# New to Building-First Rod



## reddog1 (May 3, 2003)

Just finished my first rod build. It is a Rainshadow 1267F rated to 2-6 oz. It turned out pretty well for a first try. I used that diamond shrink wrap and hardaloy guides.


----------



## Paully (Sep 1, 2005)

reddog1...
love the choice of colors. looks good
first rod build...WELCOME to the addiction. 
keep building and posting

tight lines


----------



## reddog1 (May 3, 2003)

Thanks

Actually, I made it for my wife...she picked out the colors.


----------



## Paully (Sep 1, 2005)

WAIT A MINUTE.....she fishes and has good taste? 
DUDE KEEP HER!!!!   
Seriously...nice job.

tight lines


----------



## rattler (Jul 3, 2004)

nice job...


----------



## Gar (Oct 2, 2005)

reddog1 said:


> Thanks
> 
> Actually, I made it for my wife...she picked out the colors.

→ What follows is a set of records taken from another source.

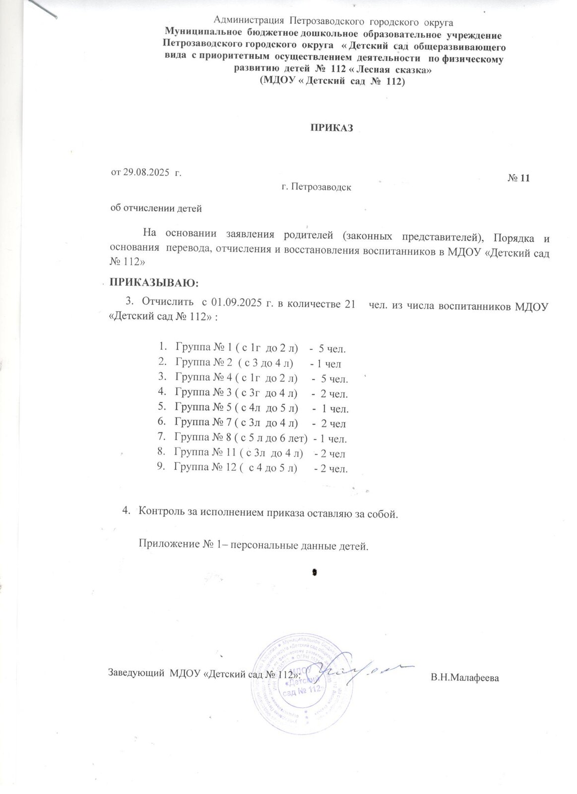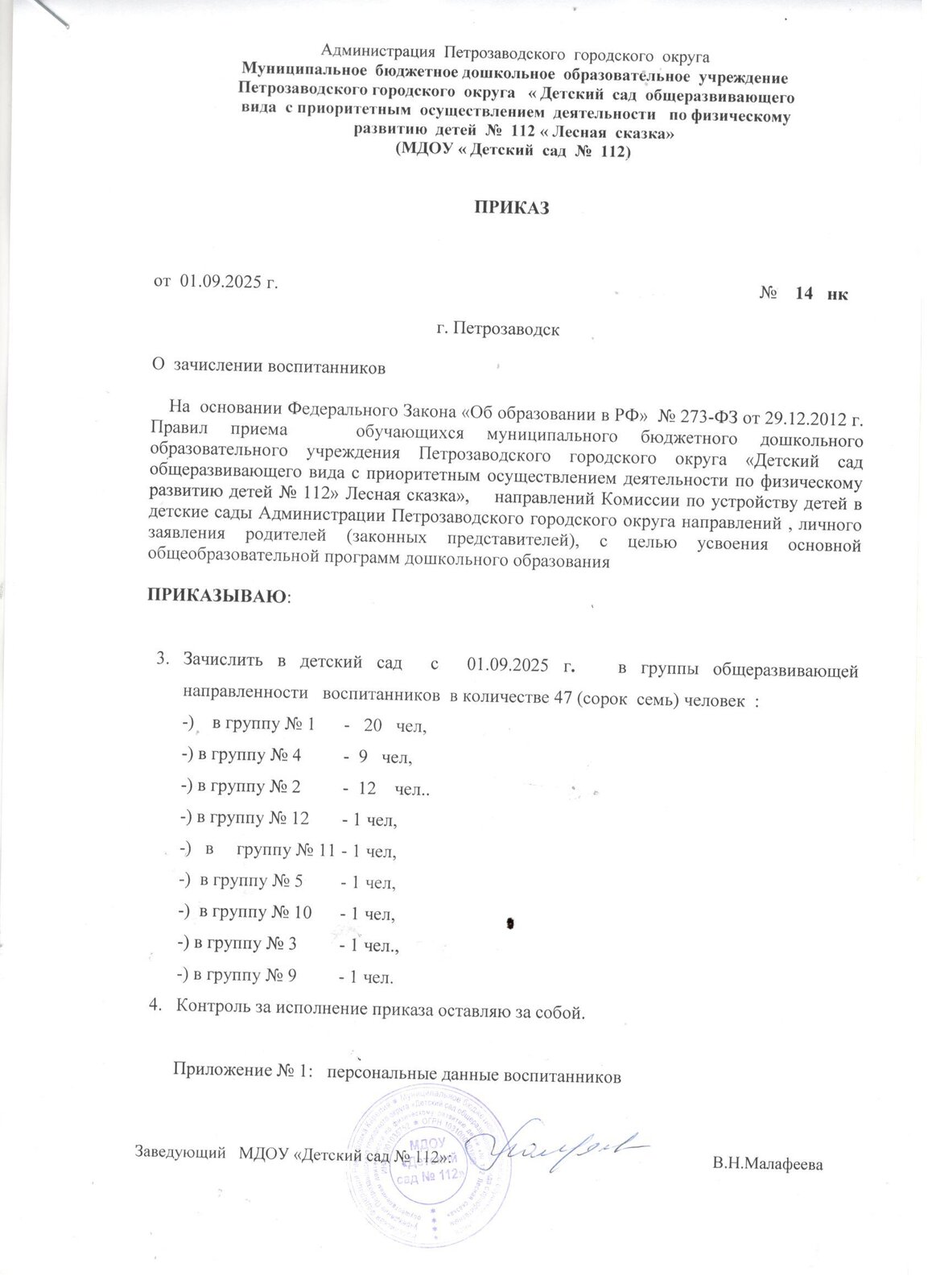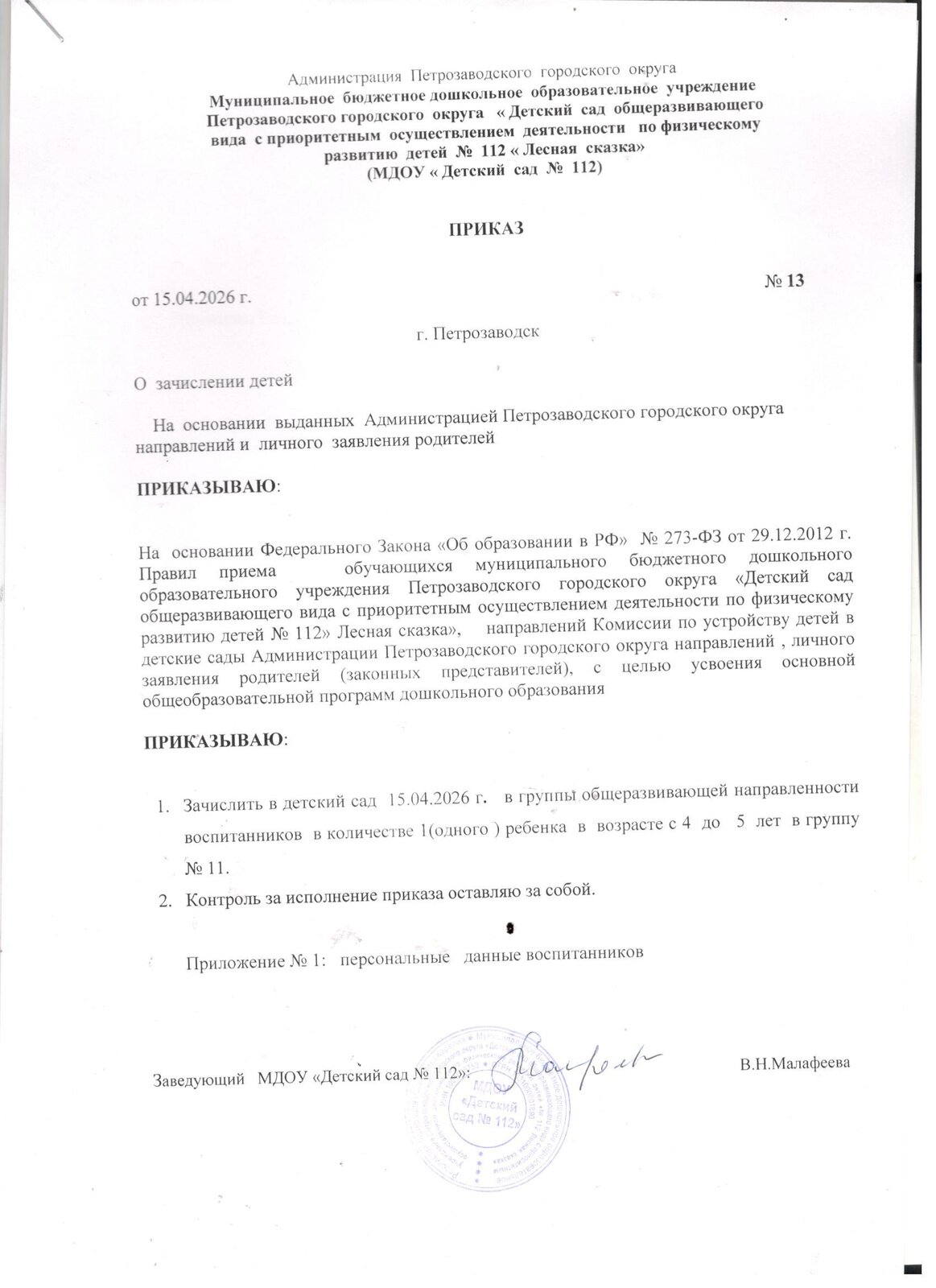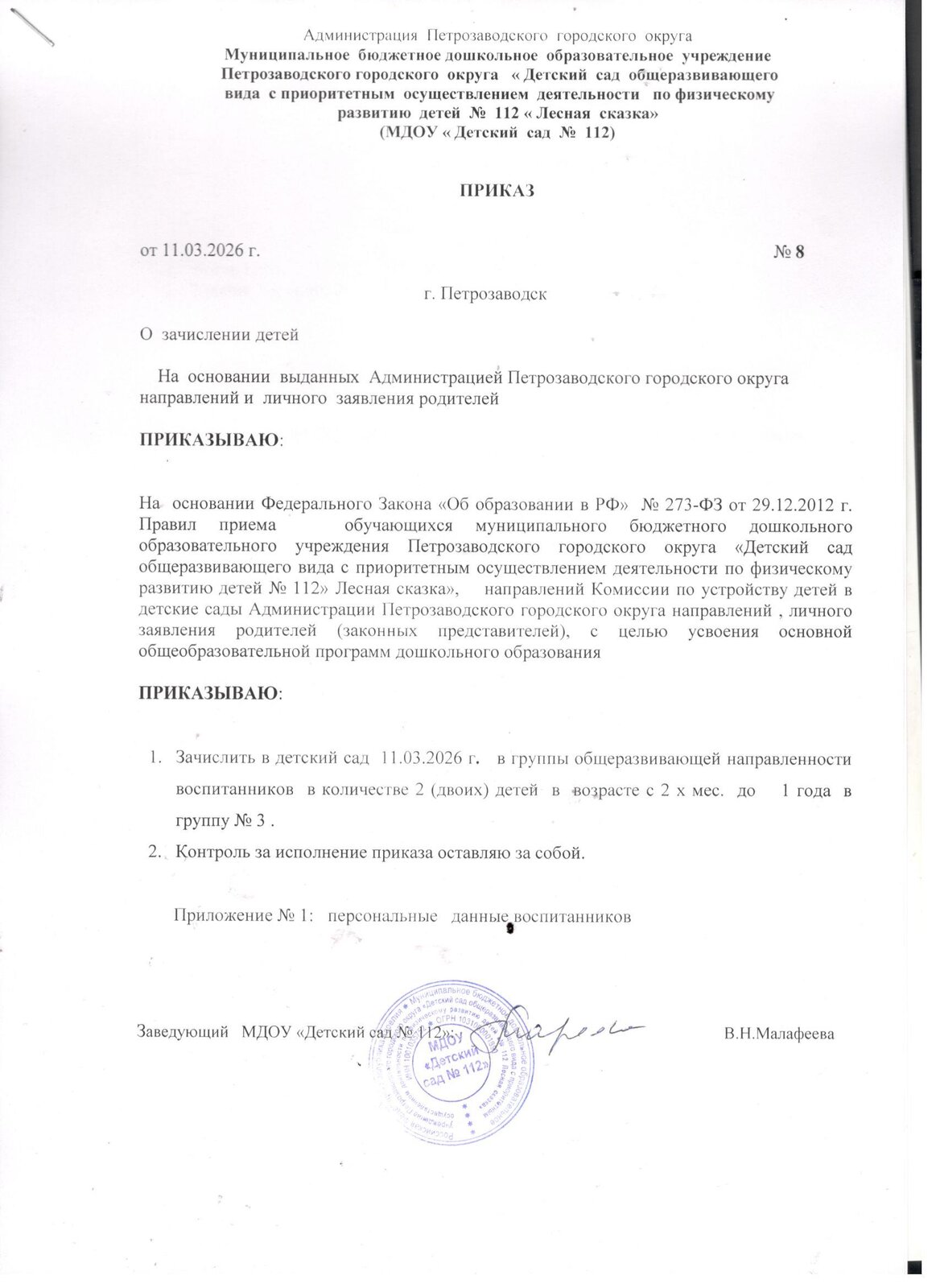 Приказы на зачисление, отчисление и переводе воспитанников в 2024- 2025 году, 2025-2026 году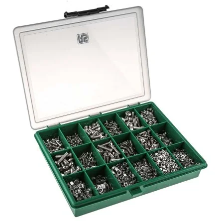 RS PRO Stainless Steel 2,475-Piece Torx Drive Screw/Bolt, Nut & Washer KitThe RS PRO Torx screw/bolt, nut and washer kit contains 2,475 A2 (304) stainless steel fasteners. It includes Torx-head machine screws, washers and hex nuts in a range of metric thread sizes from M3 through to M6 size. Torx-head screws offer a greater level of security and are used to prevent tampering. The Torx -drive design allows screws to be tightened as far as possible without the tool slipping out. The screws are supplied in five lengths ranging from 6 mm to 25 mm. Youll find two different head types – pan, which has a raised, domed head that sits above the material surface, and countersunk (flat), which is fastened into a countersunk hole so the head sits flush with the material surface. The screws, nuts and washers are made of corrosion-resistant type A2 (304) stainless steel and are commonly used in the automotive, electronics and construction industries.Features and Benefits• 2,475 piece screw/bolt, nut and washer kit • Shortest screw length of 6 mm • Longest screw length of 25 mm • Pan and flat countersunk head shapes • Torx-drive type • Nuts conform to DIN (Deutsches Institut für Normung, or the German organization for standardization) 934 (hexagonal nut standards) specification • Thread sizes of M3, M4, M5, and M6 • A2 (304) corrosion-resistant stainless-steel material • Plain stainless-steel finish • RoHS (Restriction of Hazardous Substances) compliantRS PRORS PRO is our own brand range and brings you a wide range of high-quality, great value products offering you more choice. Trusted by engineers all over the world, every part of every RS PRO product has been rigorously tested against demanding industry standards they’re only given the RS PRO Seal of Approval if we’re confident of their exceptional quality, which means you can be confident too.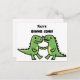 Dinosaur valentines greeting card features green dino couple in love with phrase You`re rawwr-some
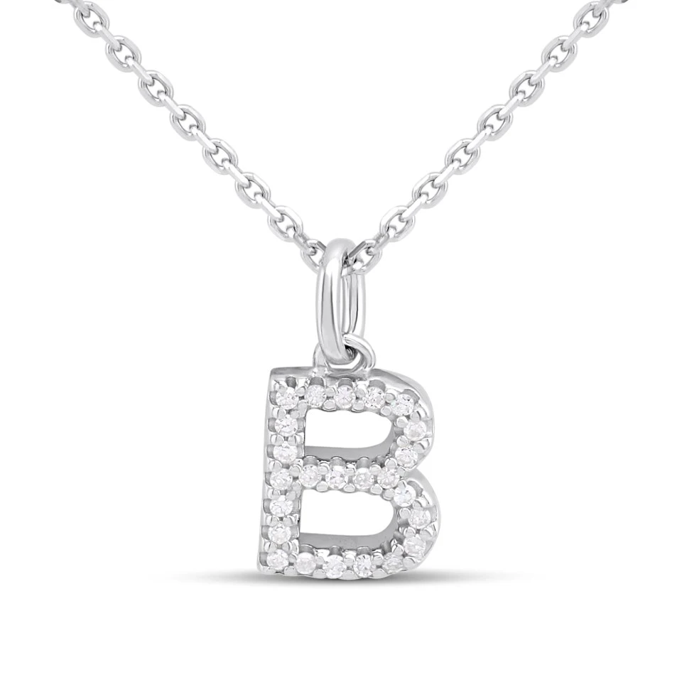 Silver Lab Grown Diamond Initial Necklace- B - F9834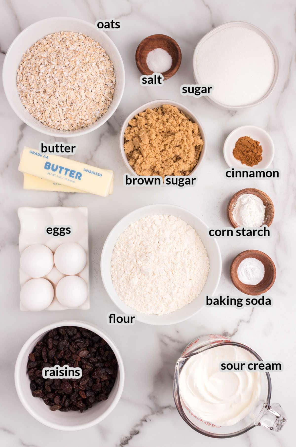- Salt – Balances the sweetness of the sour cream raisin bars.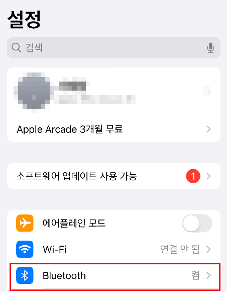 - 아이폰 설정에서 블루투스 항목으로 이동합니다.

Smart move! Now you can build 2 for yourself without any hassle


----------



## reddog1 (May 3, 2003)

Gar said:


> Smart move! Now you can build 2 for yourself without any hassle


Thats right, I just started a 13'.


----------



## Paully (Sep 1, 2005)

reddog1..........
which blank are you building???


----------



## reddog1 (May 3, 2003)

Rainshadow 1569.


----------



## Paully (Sep 1, 2005)

reddog1...
1569? hmmmmm. I heard heard some negative comments about the 1569. Most being they are "fragile". From what I understand.. Batson made the walls of the blank to thin, trying to cut down on the weight. I haven't built or fished one myself so what I relay is from others. Nomatter...
I did get my hands on one at the rod show back in Feb. and loved the way it felt (though I didn't get to cast it). The weight is great and the 50 50 split is great for hauling it (if you don't have a roof rack). I do have a 1509 and LOVE IT. So ...if you would ...get it built and let us know your take on it. Thanks.

tight lines


----------



## Sandcrab (Mar 20, 2002)

*Me too!*

Guys...

Just finished a new rod for my wife too - All Star 1265/2, 10'6", 1-3 oz. She wanted her wraps in pink! I will post photos once I find out how to reduce them in size...

I gave away her old Ugly Stick so I owed her...I also did her foregrip wrap in pink, black, and silver in chevron design. 

Sandcrab



Paully said:


> WAIT A MINUTE.....she fishes and has good taste?
> DUDE KEEP HER!!!!
> Seriously...nice job.
> 
> tight lines


----------